*DIRECTIONS FOR THIS TASK:* Exact reproduction is required for the lines below starting at the line with "Kézimunka- vagy varrókosár" and ending at the line with "Lot of 4, all", both included. No other lines, and no pictures.

*DATA SHOWN:*
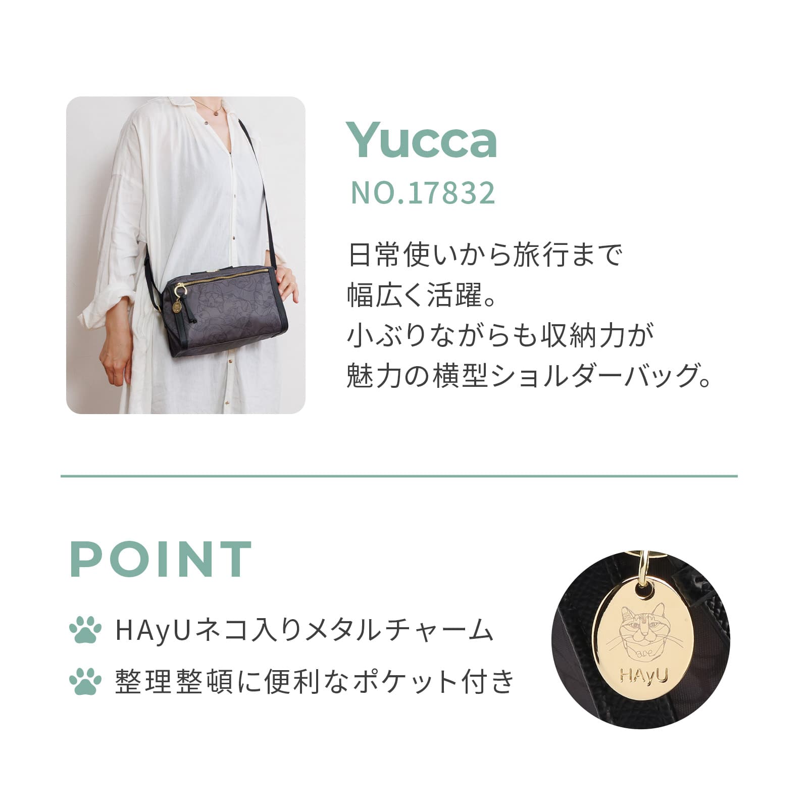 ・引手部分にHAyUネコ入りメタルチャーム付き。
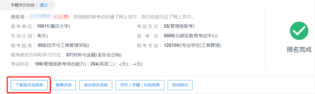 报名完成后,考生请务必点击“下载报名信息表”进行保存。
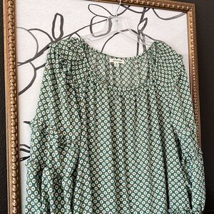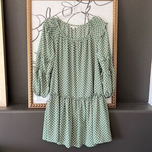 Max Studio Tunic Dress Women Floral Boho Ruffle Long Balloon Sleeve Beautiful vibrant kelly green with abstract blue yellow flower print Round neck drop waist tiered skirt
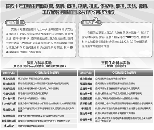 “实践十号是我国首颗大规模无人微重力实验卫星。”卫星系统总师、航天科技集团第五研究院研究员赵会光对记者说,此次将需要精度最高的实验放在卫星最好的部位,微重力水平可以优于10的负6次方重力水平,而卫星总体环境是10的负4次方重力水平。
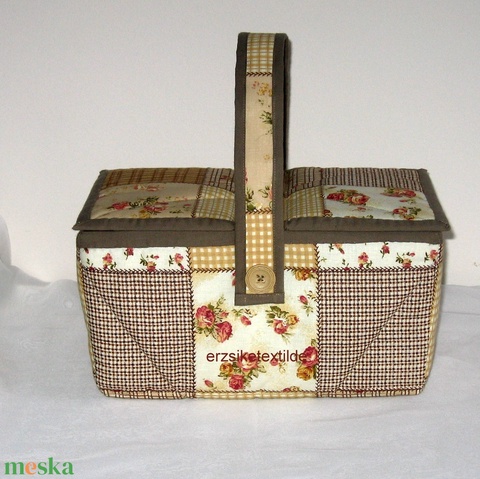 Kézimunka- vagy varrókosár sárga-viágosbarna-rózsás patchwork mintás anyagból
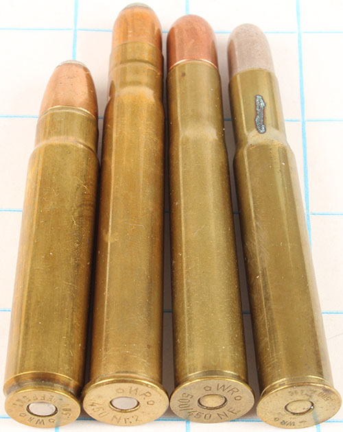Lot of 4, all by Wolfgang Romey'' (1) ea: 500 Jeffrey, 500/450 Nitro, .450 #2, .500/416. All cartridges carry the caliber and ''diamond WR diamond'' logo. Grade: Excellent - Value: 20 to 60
* * *
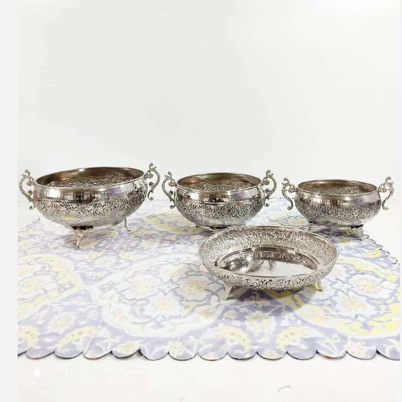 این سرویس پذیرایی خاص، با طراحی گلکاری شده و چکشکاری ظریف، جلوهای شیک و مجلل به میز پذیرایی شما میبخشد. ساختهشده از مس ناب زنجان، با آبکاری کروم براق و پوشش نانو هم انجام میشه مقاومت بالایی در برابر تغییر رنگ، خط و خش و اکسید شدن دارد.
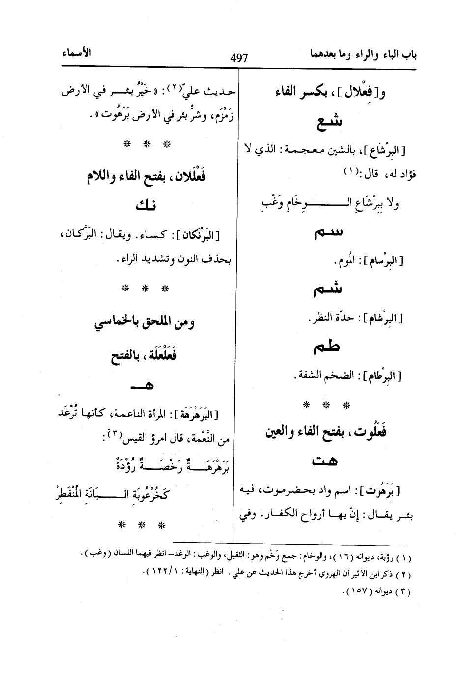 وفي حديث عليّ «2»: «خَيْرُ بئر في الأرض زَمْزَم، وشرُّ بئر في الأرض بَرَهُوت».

*ANSWER:*
 Kézimunka- vagy varrókosár sárga-viágosbarna-rózsás patchwork mintás anyagból
Lot of 4, all by Wolfgang Romey'' (1) ea: 500 Jeffrey, 500/450 Nitro, .450 #2, .500/416. All cartridges carry the caliber and ''diamond WR diamond'' logo. Grade: Excellent - Value: 20 to 60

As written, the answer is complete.